(Dataset entries)
-.-.-

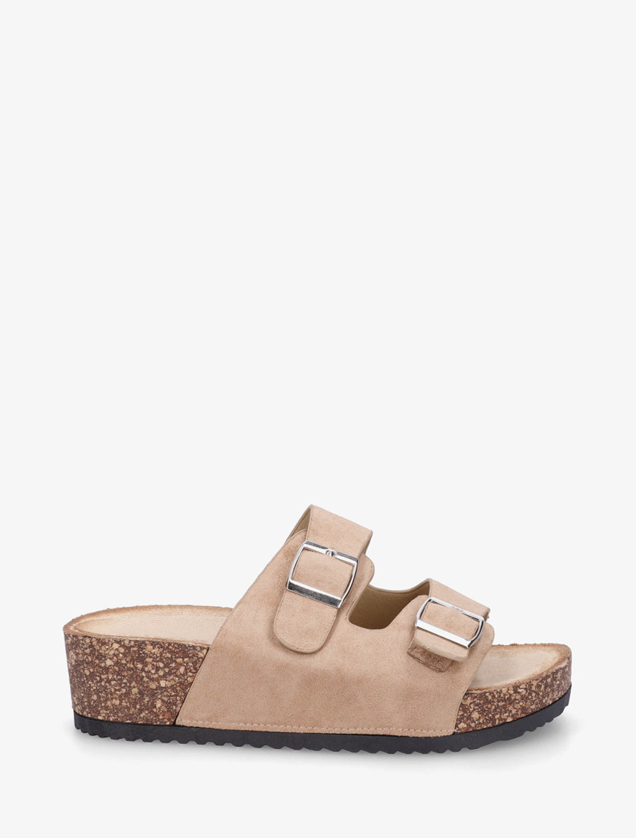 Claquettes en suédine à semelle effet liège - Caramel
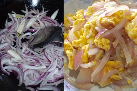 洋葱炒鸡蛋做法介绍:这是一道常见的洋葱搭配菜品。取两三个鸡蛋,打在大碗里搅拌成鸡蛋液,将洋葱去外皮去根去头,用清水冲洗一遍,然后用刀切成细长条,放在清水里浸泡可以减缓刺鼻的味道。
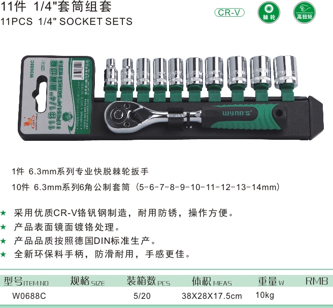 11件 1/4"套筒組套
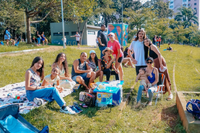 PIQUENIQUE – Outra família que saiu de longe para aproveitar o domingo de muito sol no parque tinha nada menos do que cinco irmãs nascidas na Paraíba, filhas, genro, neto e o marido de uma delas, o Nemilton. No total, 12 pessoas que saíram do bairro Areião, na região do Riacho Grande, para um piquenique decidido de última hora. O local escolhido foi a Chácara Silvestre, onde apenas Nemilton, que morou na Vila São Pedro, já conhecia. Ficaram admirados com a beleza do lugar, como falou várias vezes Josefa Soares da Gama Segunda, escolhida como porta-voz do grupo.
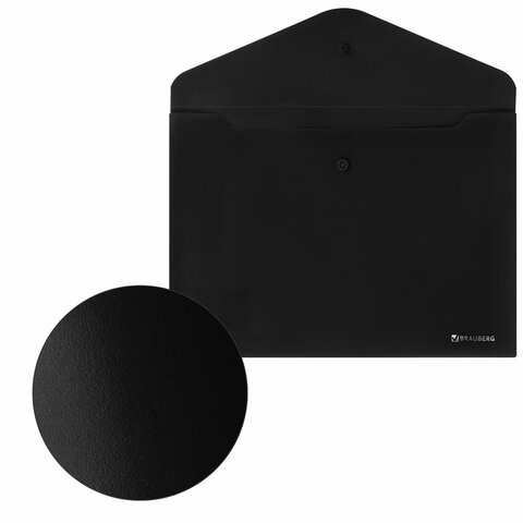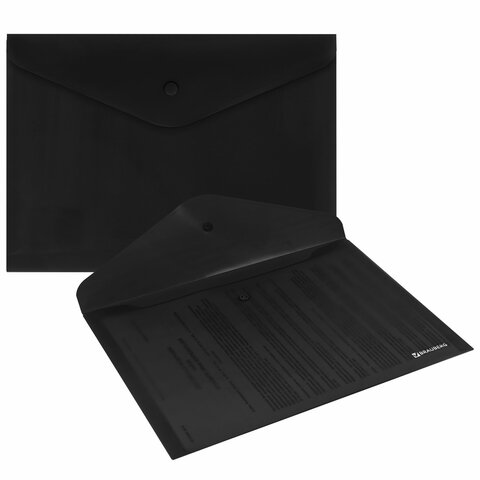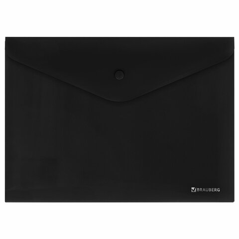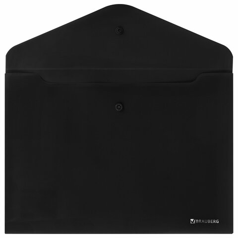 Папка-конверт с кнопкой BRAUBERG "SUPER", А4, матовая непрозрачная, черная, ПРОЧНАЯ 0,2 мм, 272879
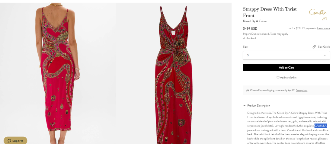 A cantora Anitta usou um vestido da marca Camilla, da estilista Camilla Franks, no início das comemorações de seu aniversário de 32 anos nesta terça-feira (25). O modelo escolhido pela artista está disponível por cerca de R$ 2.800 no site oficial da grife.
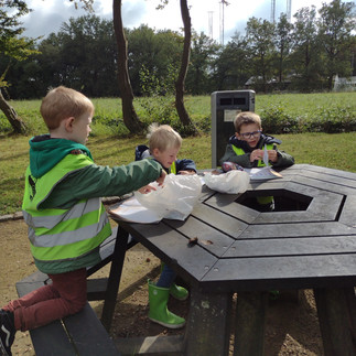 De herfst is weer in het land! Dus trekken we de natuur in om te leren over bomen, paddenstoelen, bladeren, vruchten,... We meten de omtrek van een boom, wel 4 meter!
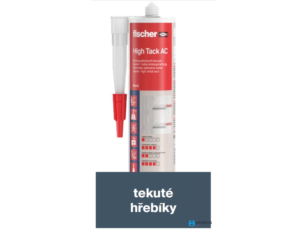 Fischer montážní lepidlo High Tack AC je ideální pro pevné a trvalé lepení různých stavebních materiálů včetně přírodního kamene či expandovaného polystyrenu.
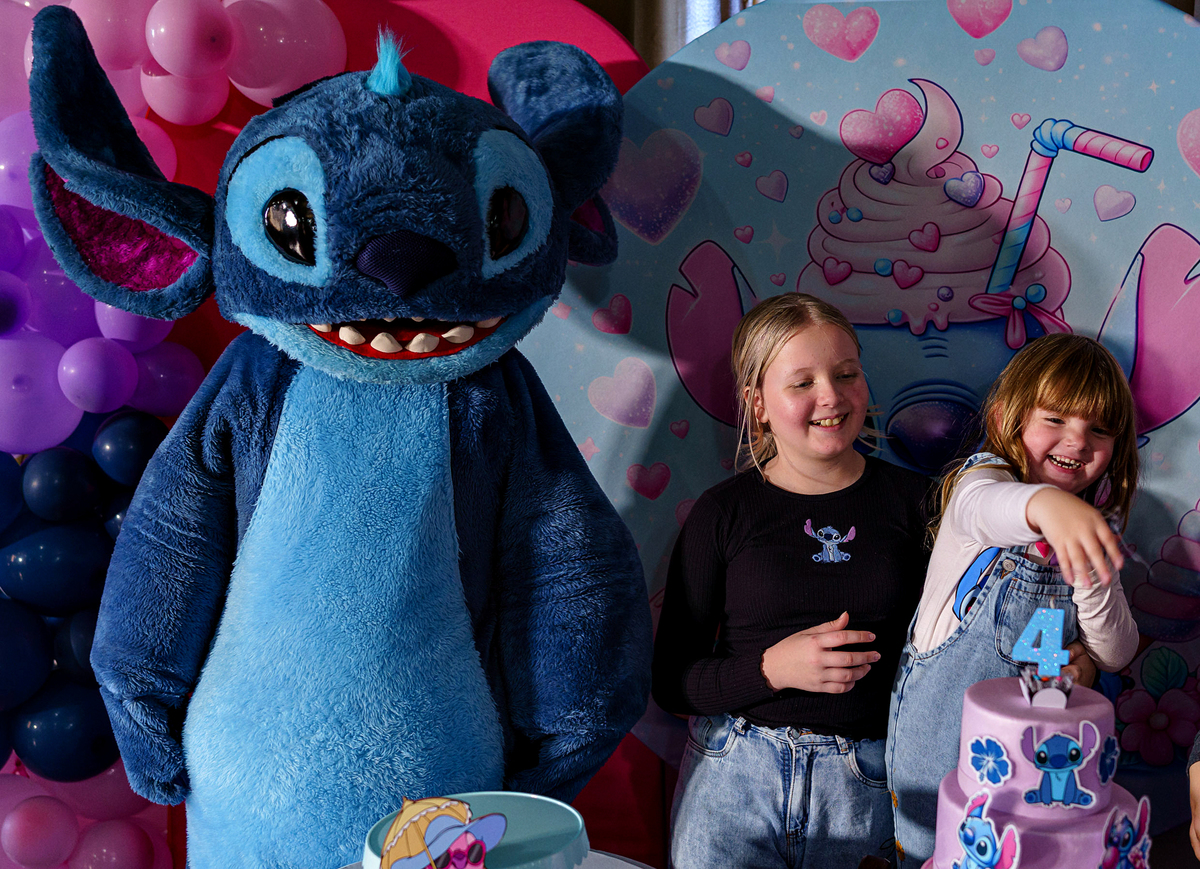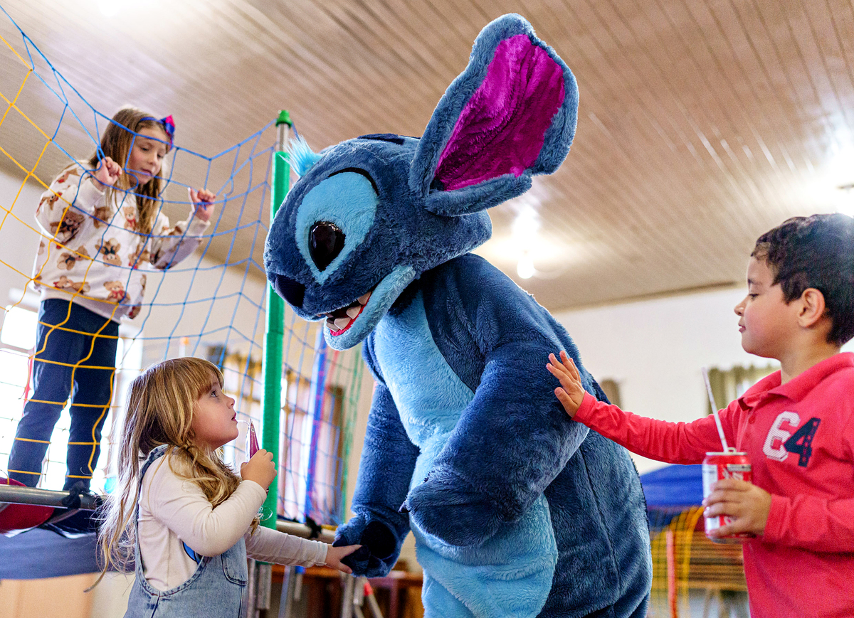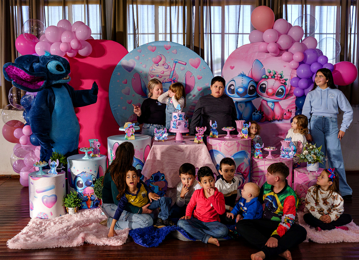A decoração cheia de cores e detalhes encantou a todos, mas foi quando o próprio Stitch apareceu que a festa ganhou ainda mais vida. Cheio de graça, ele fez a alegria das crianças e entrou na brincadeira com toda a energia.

-.-.-

> EXERCISE DIRECTIONS
Repeat the data above exactly; images are not part of the copy.

> TASK RESPONSE
 Claquettes en suédine à semelle effet liège - Caramel
 洋葱炒鸡蛋做法介绍:这是一道常见的洋葱搭配菜品。取两三个鸡蛋,打在大碗里搅拌成鸡蛋液,将洋葱去外皮去根去头,用清水冲洗一遍,然后用刀切成细长条,放在清水里浸泡可以减缓刺鼻的味道。
 11件 1/4"套筒組套
 PIQUENIQUE – Outra família que saiu de longe para aproveitar o domingo de muito sol no parque tinha nada menos do que cinco irmãs nascidas na Paraíba, filhas, genro, neto e o marido de uma delas, o Nemilton. No total, 12 pessoas que saíram do bairro Areião, na região do Riacho Grande, para um piquenique decidido de última hora. O local escolhido foi a Chácara Silvestre, onde apenas Nemilton, que morou na Vila São Pedro, já conhecia. Ficaram admirados com a beleza do lugar, como falou várias vezes Josefa Soares da Gama Segunda, escolhida como porta-voz do grupo.
 Папка-конверт с кнопкой BRAUBERG "SUPER", А4, матовая непрозрачная, черная, ПРОЧНАЯ 0,2 мм, 272879
 A cantora Anitta usou um vestido da marca Camilla, da estilista Camilla Franks, no início das comemorações de seu aniversário de 32 anos nesta terça-feira (25). O modelo escolhido pela artista está disponível por cerca de R$ 2.800 no site oficial da grife.
 De herfst is weer in het land! Dus trekken we de natuur in om te leren over bomen, paddenstoelen, bladeren, vruchten,... We meten de omtrek van een boom, wel 4 meter!
 Fischer montážní lepidlo High Tack AC je ideální pro pevné a trvalé lepení různých stavebních materiálů včetně přírodního kamene či expandovaného polystyrenu.
A decoração cheia de cores e detalhes encantou a todos, mas foi quando o próprio Stitch apareceu que a festa ganhou ainda mais vida. Cheio de graça, ele fez a alegria das crianças e entrou na brincadeira com toda a energia.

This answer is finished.